Autopilot was created as a way to have frontier LLMs respond to Discord chat messages on your behalf. It takes converstions completely on autopilot. It expanded to include multimodal features, and tool calls for web browsing, autonomous important memory management, and the use of a vector database and an advanced memory management system to store past conversations and retrieve them.
The advanced memory management uses 3 tiers of memory. The short term memory is simply the last few messages, in plain text. The medium term memory then creates a summary of the short term memory periodically, store them in the vector database by use of embedding and storing it in its the memory json file. This is then done once again periodically (once we reached a limit) for long term memory. This cascading memory management system follows principles similar to a human mind. A human may remember the recent past very clearly, but the context and information loss fades overtime. Most importantly, in its default state, the plugin captures emotions, which are contextually relevant to each memory. Finally, a semantic search is done on every message, requesting for relevant medium term, and long term memories. Much like a real human mind, it retrieves contextually relevant, based on the message itself and the emotion it convey, and is finally made available to the LLM for a personalized message output.
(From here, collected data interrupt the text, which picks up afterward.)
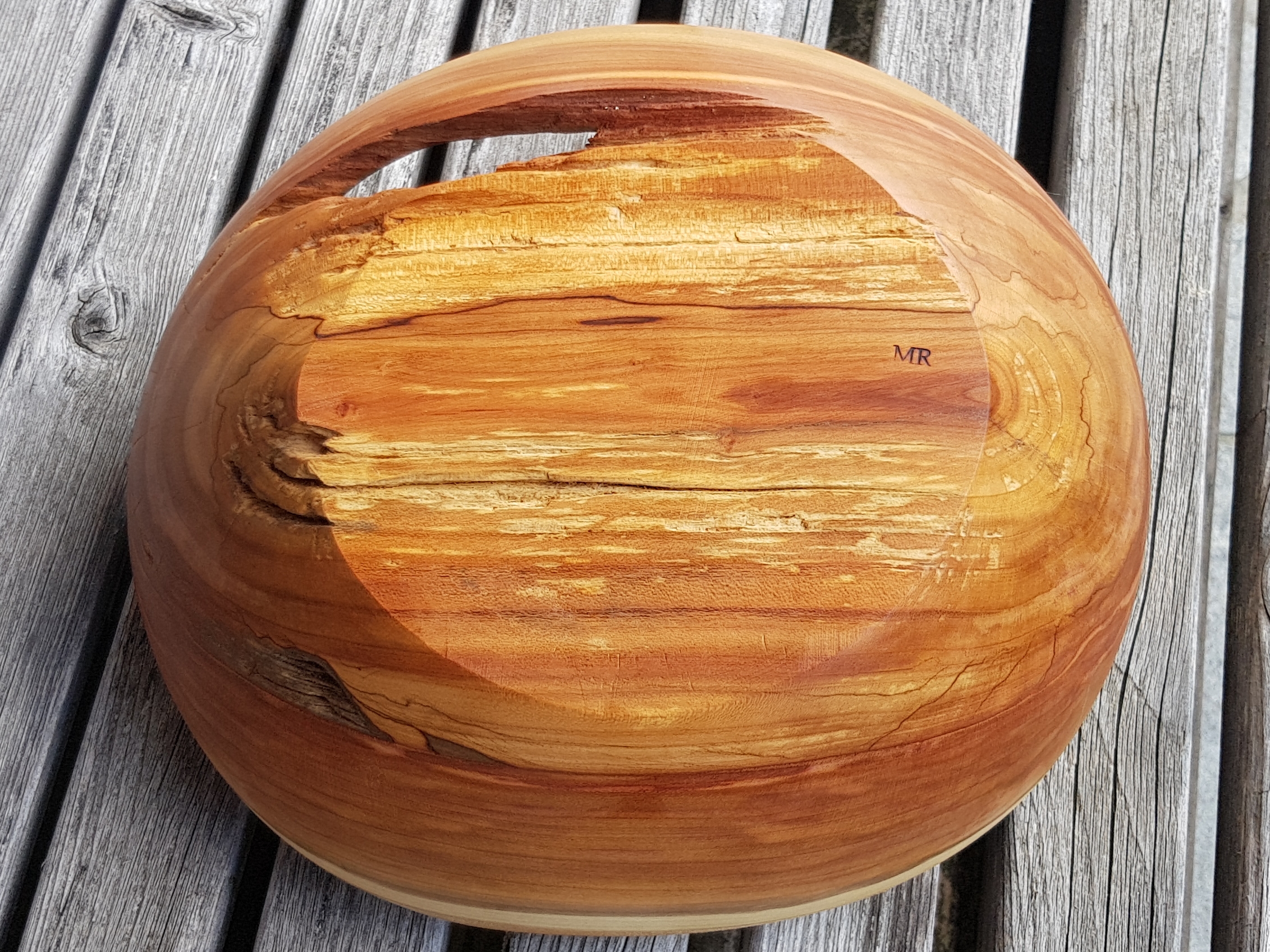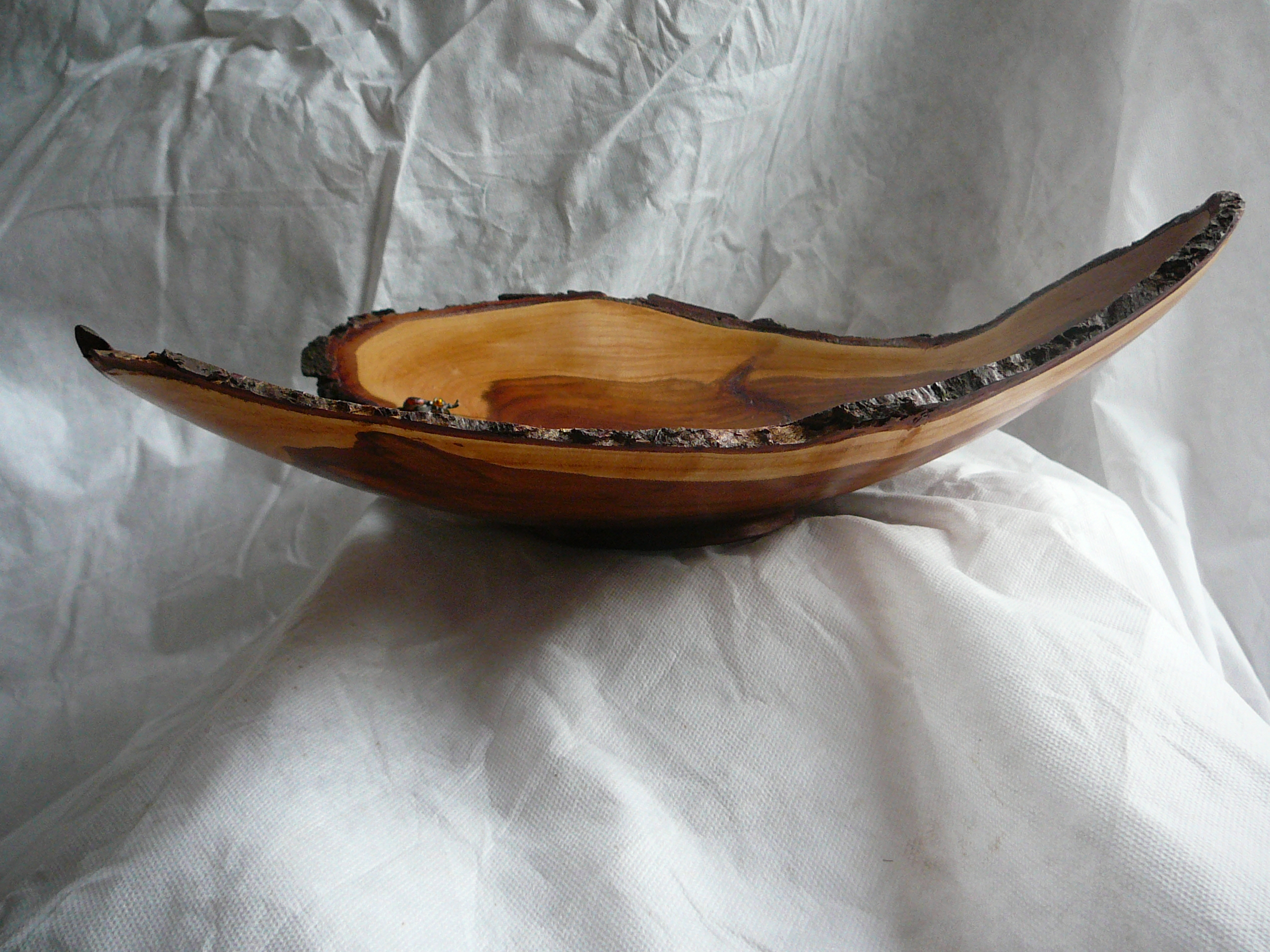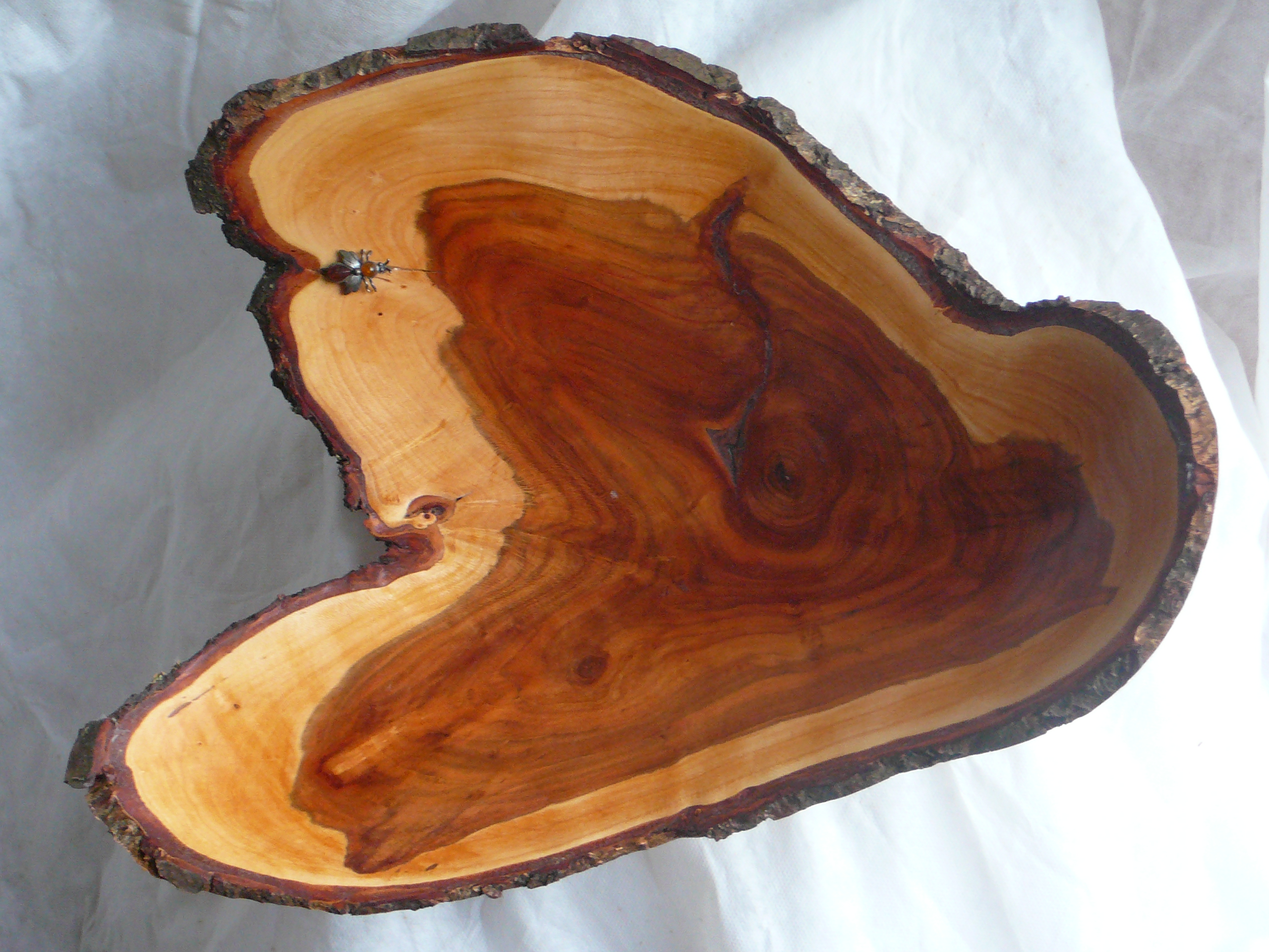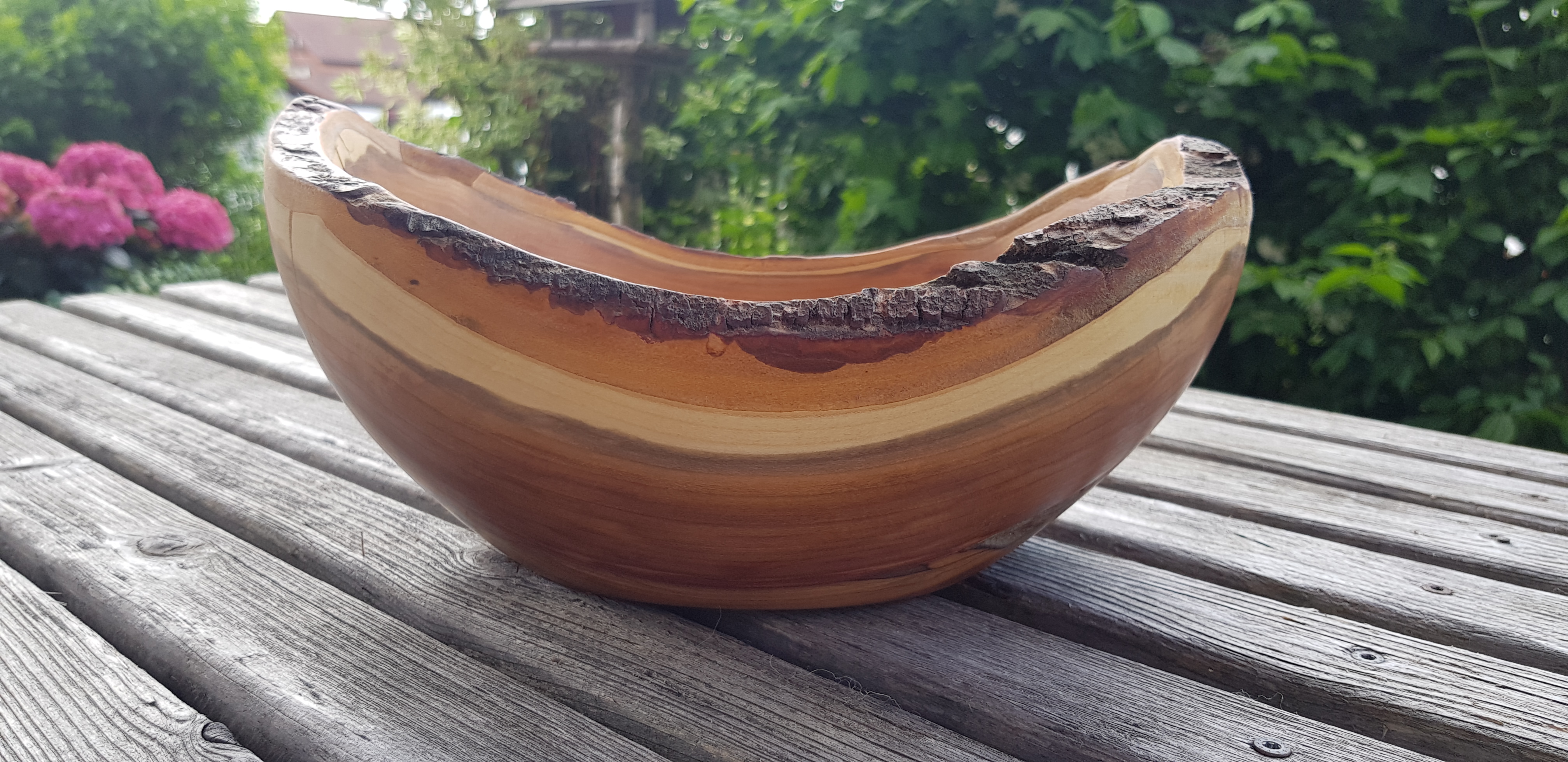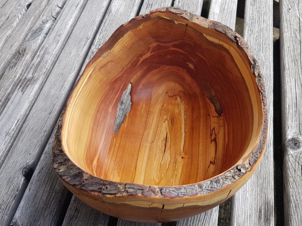 Holz von einem Zwetschgenbaum aus unserem Garten, der leider weichen musste. Die Schale ist absichtlich sehr Rustikal gehalten. Das „fehlende Stück“ ist kein Fehler, dort war das Holz schon sehr morsch und ich habe es daher mit einer Drahtbürste entfernt. Das Holz wurde Nass gedrechselt und anschließend geölt.
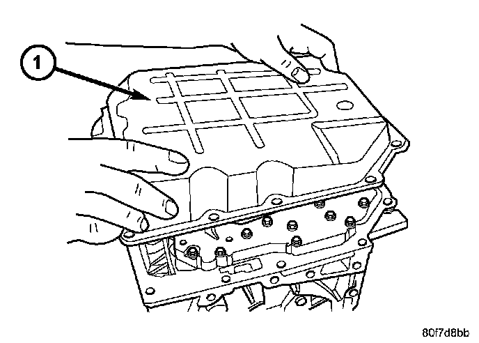 9. Carefully remove valve body assembly (1) from the transmission.
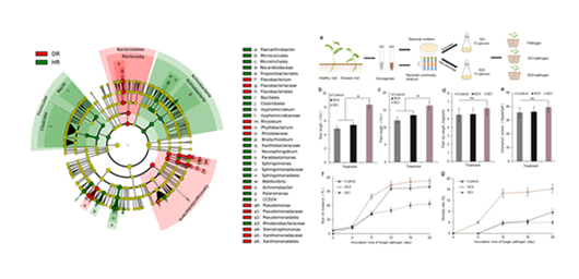 2021年11月,韦革宏教授研究团队在《Microbiome》在线发表研究论文。揭示了患根腐病黄芪根际及根内的微生物群落特点,并依据患病黄芪根际显著富集的细菌构建了一个具有防病功能的人工合成菌群。研究人员分析了患根腐病黄芪根系的差异菌群,并从黄芪根系分离了相应的细菌,分别构建了患病黄芪根系富集菌群与下降菌群,通过植物实验发现患病黄芪根系的富集菌群可以降低黄芪根腐病发病率。通过对含有13株菌的富集菌群简化,最终得到4株菌的简化菌群,植物实验显示这4株菌构建的简化菌群仍具有等同于富集菌群的抗病能力。进一步研究发现,简化菌群通过高丰度细菌抑制病原菌与低丰度细菌诱导宿主植物ISR而实现防控黄芪根腐病的目的。本研究不仅对于深入理解患根腐病黄芪的根系微生物群落变化有重要意义,也为黄芪根腐病的生物防治提供了新的视角,具有较强的应用潜力。
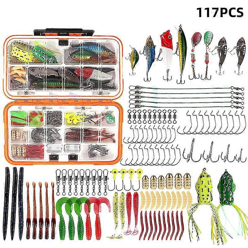 117pcs/kit Rock Fishing Crank Hook Soft Bait/fake Bait Fishing Accessories Kit Waterproof/wear-resistant Box Tools
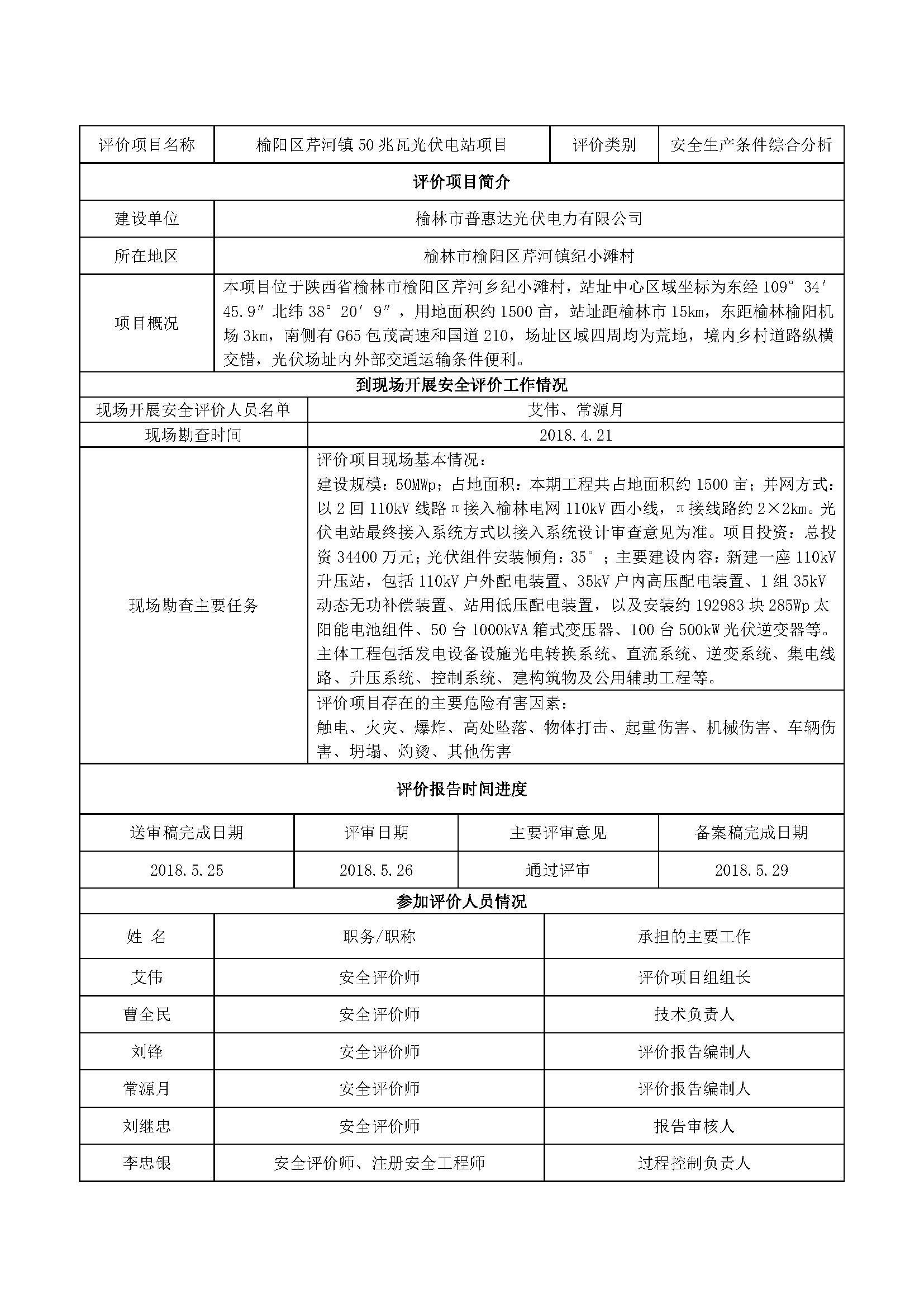 榆林市普惠達光伏電力有限公司榆陽區芹河鎮50兆瓦光伏電站項目安全條件綜合分析

For web searches, it is delegated to Perplexity's API. Once the tool call is complete, and the search is done by Perplexity, the context is then injected into the conversational chain, and the LLM will act as if it found the information by doing the search itself. This is much like a human, since we delegate our searches to google, then have all the information, then responds with it. The LLM here, henceforth follows a similar pattern.
For multimodal image processing, this is done by OpenAI. Images are simply retrieved from the received message, and uploaded.
The LLM can also choose to add important memories into its context. For example, if it determines that your name or your favorite color is important, it will make the appropriate tool call.
For transparency, messages can also be watermarked so that users know the responder is currently using AI. Code can be edited to support other LLMs. Default only supports OpenAI models.
Memory management and storage is done locally, but calls OpenAI embeddings, and messages are sent to OpenAI for processing.
This plugin was made for educational purposes. I do not personally condone breaking any terms of service.
This project overall can be used as a standalone AI agent that can act as a real person, or can takeover your conversations for you when you need to step away.
This project is both open source and was made beginning in November 2024, starting with a small prototype.